THREADS — scan parallelism¶
Number of compute threads in the parallel_for pool used for parallel shard scans (find, count, aggregate), index builds, and bulk write phase 2.
- Default 0 =
4 × online CPU count(min 4). Yes, intentional oversubscription. - Why 4×: scans take per-shard rwlocks. A thread-per-core pool stalls whenever a shard is briefly contended, leaving cores idle. 4× lets the kernel overlap waiters with runners. Measured ~18% faster on parallel bulk-insert vs 1× cores; no measurable downside on read-only scans (mmap reads are cheap to context-switch into).

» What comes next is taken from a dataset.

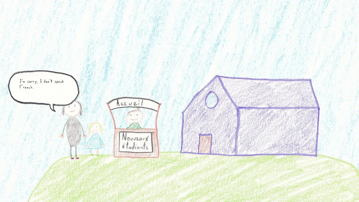 After breakfast, you take Camille to school. You never see Camille’s school journey, and it’s only ever told to you in the sometimes nonsensical way that a five-year-old tells a story. But there is an arc here as well that pokes at all the tiny, fearful inadequacies we feel as parents. On the first day, you soothe Camille, on another day, she fights school, and on a third day, you arrive late and are held after by the teacher. When I bought school supplies the previous day, I chose the small box of colored pencils—because I couldn’t afford the bigger box—and Camille has noticed. That same day was the first day Camille excitedly ran off to class, a small dotted speech bubble above Laura’s head containing the “I love you” she couldn’t say fast enough.
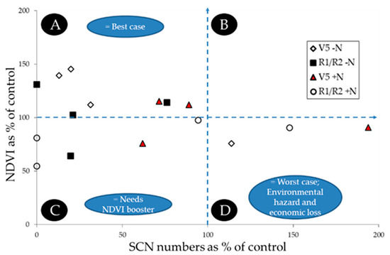 Means of SCN population density (eggs/100 cc of soil) and NDVI for levels of fertilization (control, -N or +N) at vegetative (V5) and reproductive (R1-R2) growth stages of soybean expressed as measured values (left) and as percent of control (right), and the interactions of nutrient (Nu) and time (T). Adopted from Melakeberhan [30].

- Lower if the host has other workloads sharing CPU — but going below
nprocusually hurts. - Going above 4× rarely helps — past that you're paying scheduler overhead for diminishing rwlock-overlap returns.
When to care: large full scans, parallel bulk-insert at >1M rows, indexed batch ingest. For indexed point queries (tiny candidate sets), THREADS barely matters.
WORKERS — server thread pool¶
Number of threads in the TCP request pool. Each in-flight client request is dispatched onto one WORKER, which drives the request to completion (parsing, planning, optionally fanning out to the THREADS pool, writing the response).
- Default 0 =
max(online CPUs, 4). - The default is conservative and not connection-aware — at high connection concurrency you should bump this. Rule of thumb:
WORKERS ≥ p99 concurrent in-flight requests. If clients pipeline requests on a single connection, the server still serializes them per-connection (one read at a time), so concurrent connections, not pipelined depth, drive sizing. - Bumping WORKERS does NOT add per-worker memory unless the workers are actively servicing requests — the
MAX_REQUEST_SIZEbuffer is allocated per active connection, not per idle worker.
When to care: stats shows active_threads consistently at WORKERS cap → bump it. Usually not the bottleneck; the limits are typically memory (large requests) or disk (cold scans).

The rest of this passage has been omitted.